** AVAILABLE RECORDS follows **
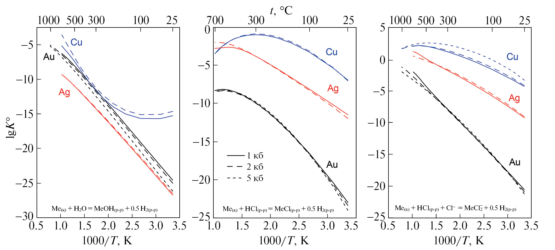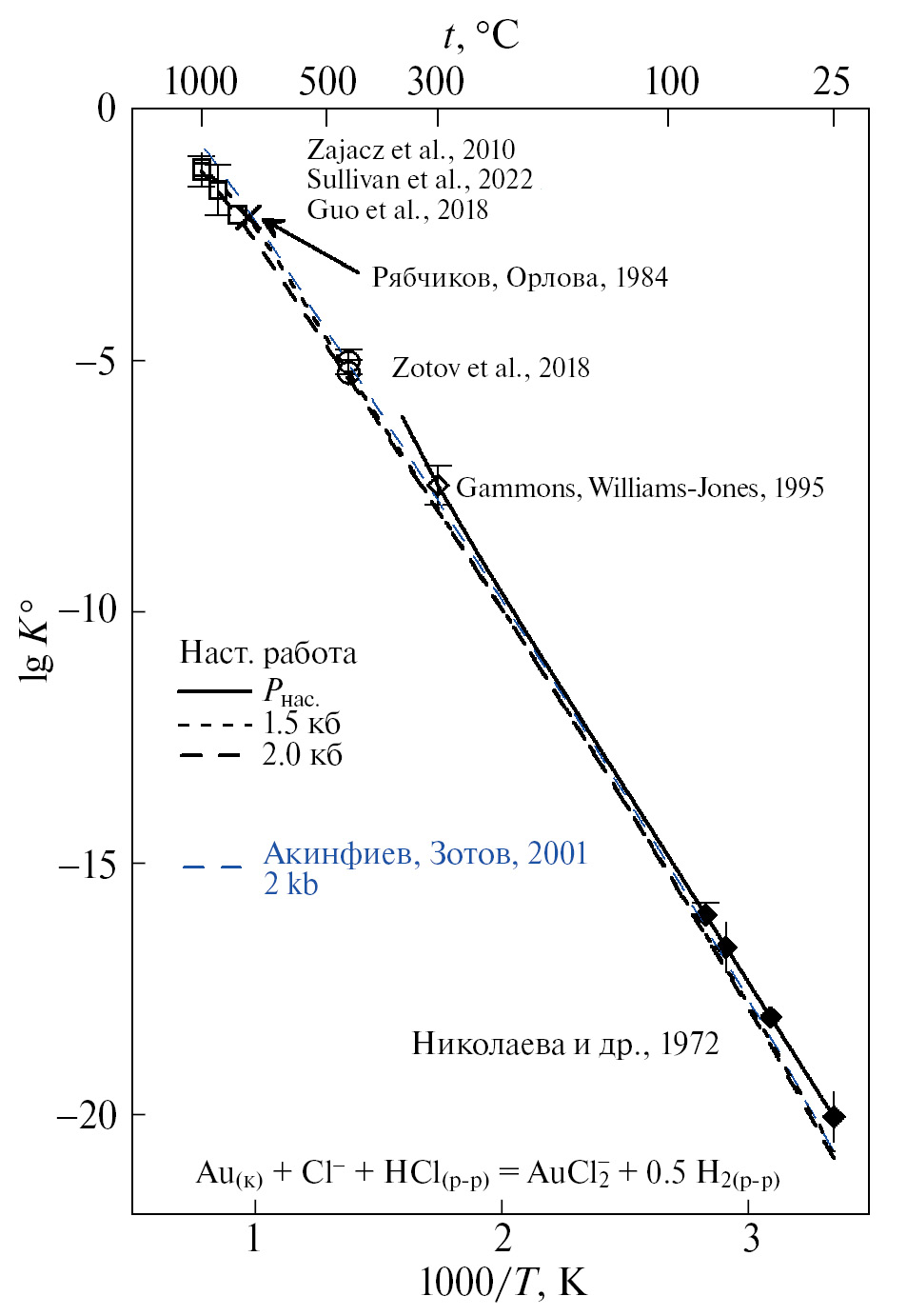 В работе (Gammons, Williams-Jones, 1995) определена растворимость сплава Ag-Au + AgCl(к) в растворах HCl + NaCl при 300 °С, Рнас.. Окислительный потенциал в этой системе задавался составом сплава и контролировался реакцией Agсплав + C1– + H+ + 0.25 О2(г) = AgCl(к) + 0.5 H2О. Концентрация соляной кислоты менялась от 0.1 до 5 m. Серия опытов выполнена в системе с переменным отношением концентраций HCl/NaCl, от 0.01 m HCl + 3 m NaCl до 2 m HCl + 1 m NaCl. Авторы установили, что во всех экспериментальных растворах основным комплексом Au является AuCl2−, и определили константу образования этого комплекса. Мы считаем эти данные наиболее надежными в области температур от 100 °С до критических PT-параметров H2О и будем использовать их в качестве опорной точки.
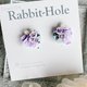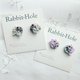 - 兔兔躲起来了! 这是以紫色花卉为主题的系列。“粉蝶”- 以带灰调的紫蓝色配搭而成;“丁香”- 以不同的粉紫色和粉绿色配搭而成,适合不同衣着风格的妳。
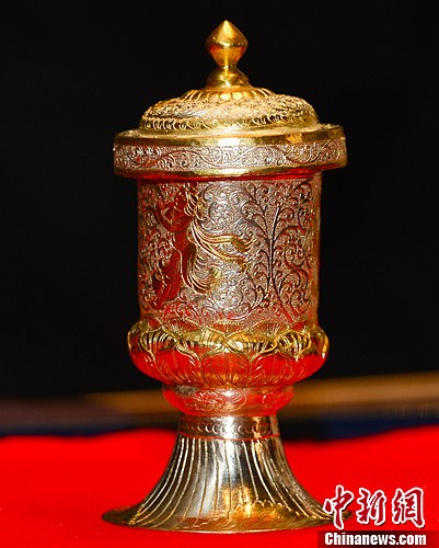 图为在开箱仪式中展出的文物,1987年出土于陕西省宝鸡市法门寺唐代地宫的“鎏金伎乐纹银香宝子”,现藏法门寺博物馆。中新社发 刘震 摄
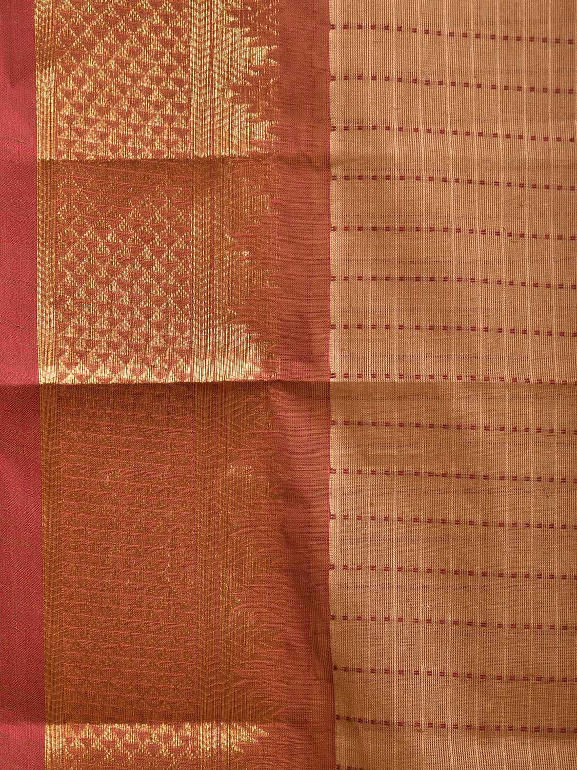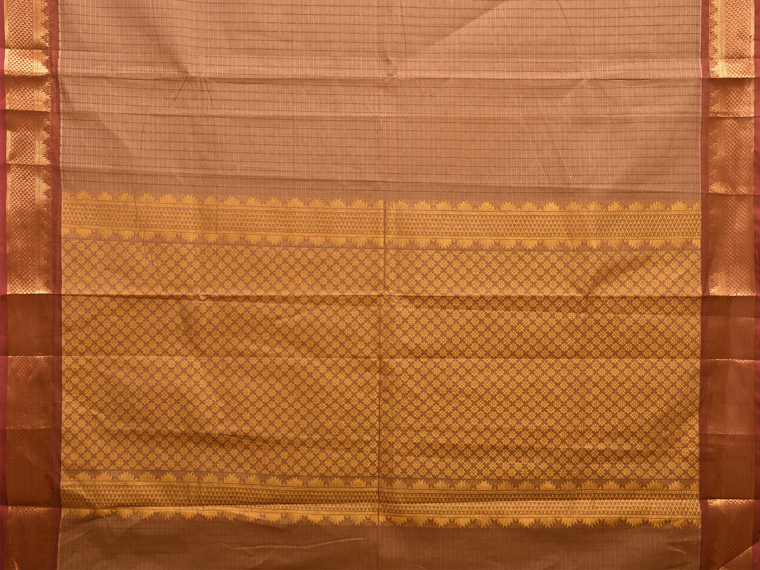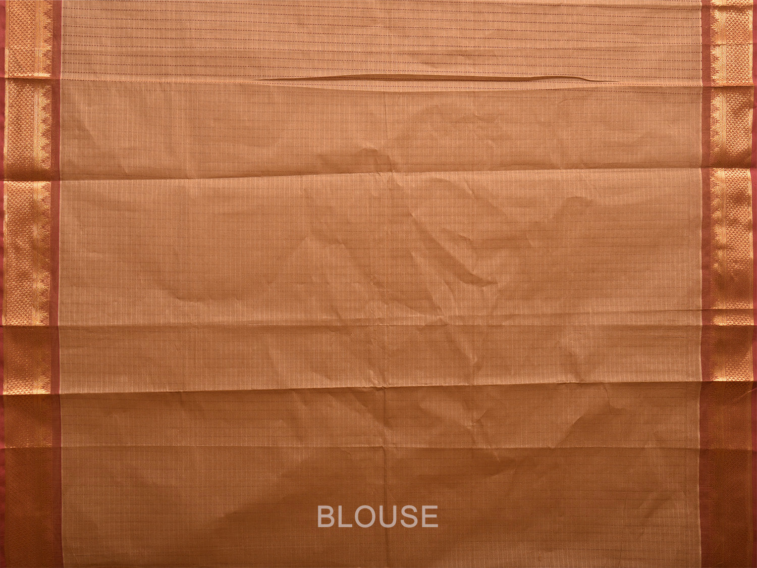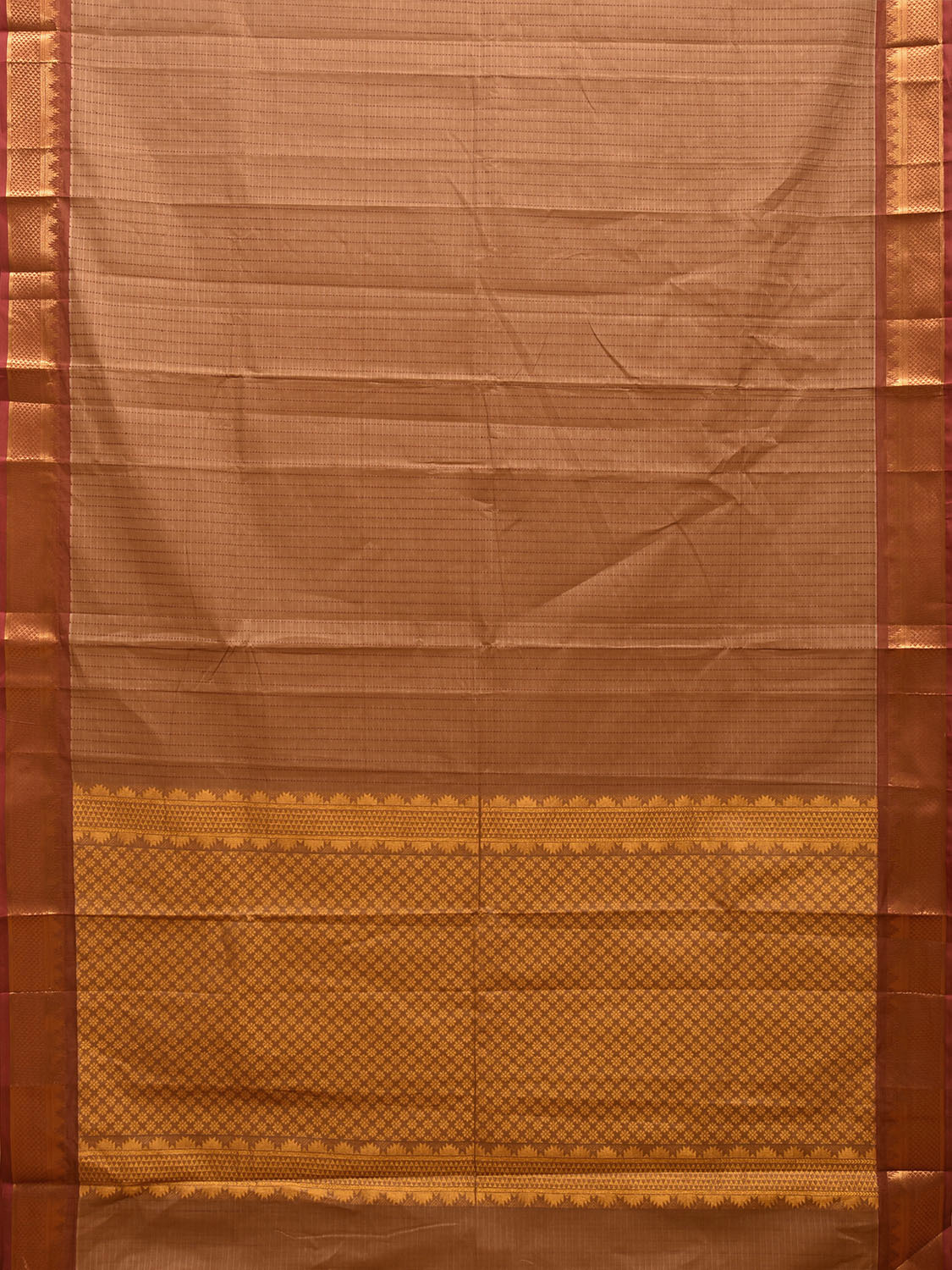 Fawn Kanchipuram Cotton Saree with Checks and Pallu Design k0676
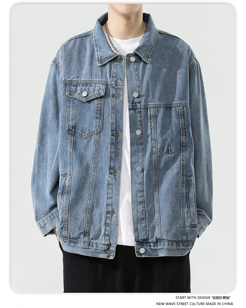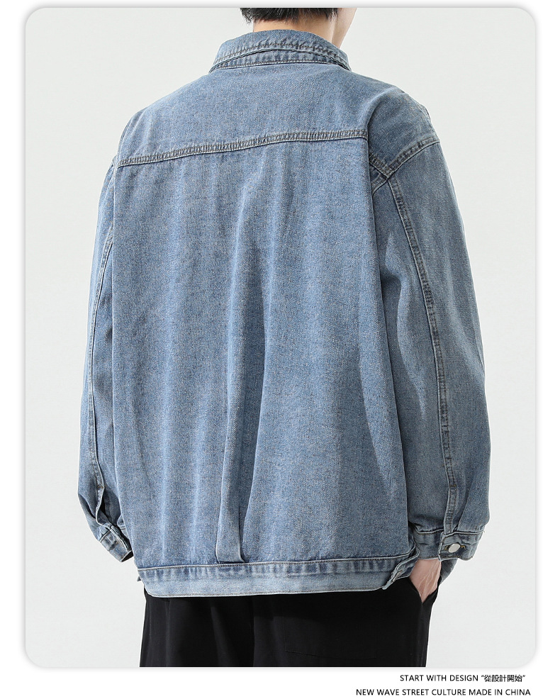 ACU Quần Áo Nam Mùa Xuân 2023 Sản Phẩm Mới Retro Đồng Màu Làm Cũ Đã Giặt Áo Khoác Denim Bảo Hộ Lao Động Áo Khoác Rộng Nam
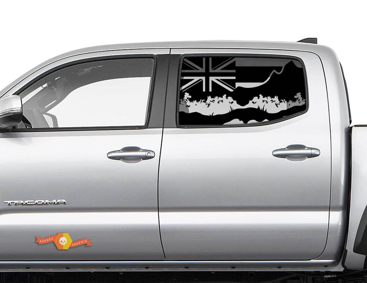 Add a tropical vibe to your vehicle with the Hawaii Palm Mountains Flag Windscreen Vinyl Sticker Decal. This durable vinyl decal is designed to withstand the elements while showcasing your love for Hawaii’s iconic palm trees and mountain landscapes, combined with the state flag.
** End of AVAILABLE RECORDS **
### EXERCISE AIM
Repeat the data word for word. Skip the pictures.

### FINAL ANSWER
 В работе (Gammons, Williams-Jones, 1995) определена растворимость сплава Ag-Au + AgCl(к) в растворах HCl + NaCl при 300 °С, Рнас.. Окислительный потенциал в этой системе задавался составом сплава и контролировался реакцией Agсплав + C1– + H+ + 0.25 О2(г) = AgCl(к) + 0.5 H2О. Концентрация соляной кислоты менялась от 0.1 до 5 m. Серия опытов выполнена в системе с переменным отношением концентраций HCl/NaCl, от 0.01 m HCl + 3 m NaCl до 2 m HCl + 1 m NaCl. Авторы установили, что во всех экспериментальных растворах основным комплексом Au является AuCl2−, и определили константу образования этого комплекса. Мы считаем эти данные наиболее надежными в области температур от 100 °С до критических PT-параметров H2О и будем использовать их в качестве опорной точки.
 - 兔兔躲起来了! 这是以紫色花卉为主题的系列。“粉蝶”- 以带灰调的紫蓝色配搭而成;“丁香”- 以不同的粉紫色和粉绿色配搭而成,适合不同衣着风格的妳。
 图为在开箱仪式中展出的文物,1987年出土于陕西省宝鸡市法门寺唐代地宫的“鎏金伎乐纹银香宝子”,现藏法门寺博物馆。中新社发 刘震 摄
 Fawn Kanchipuram Cotton Saree with Checks and Pallu Design k0676
 ACU Quần Áo Nam Mùa Xuân 2023 Sản Phẩm Mới Retro Đồng Màu Làm Cũ Đã Giặt Áo Khoác Denim Bảo Hộ Lao Động Áo Khoác Rộng Nam
 Add a tropical vibe to your vehicle with the Hawaii Palm Mountains Flag Windscreen Vinyl Sticker Decal. This durable vinyl decal is designed to withstand the elements while showcasing your love for Hawaii’s iconic palm trees and mountain landscapes, combined with the state flag.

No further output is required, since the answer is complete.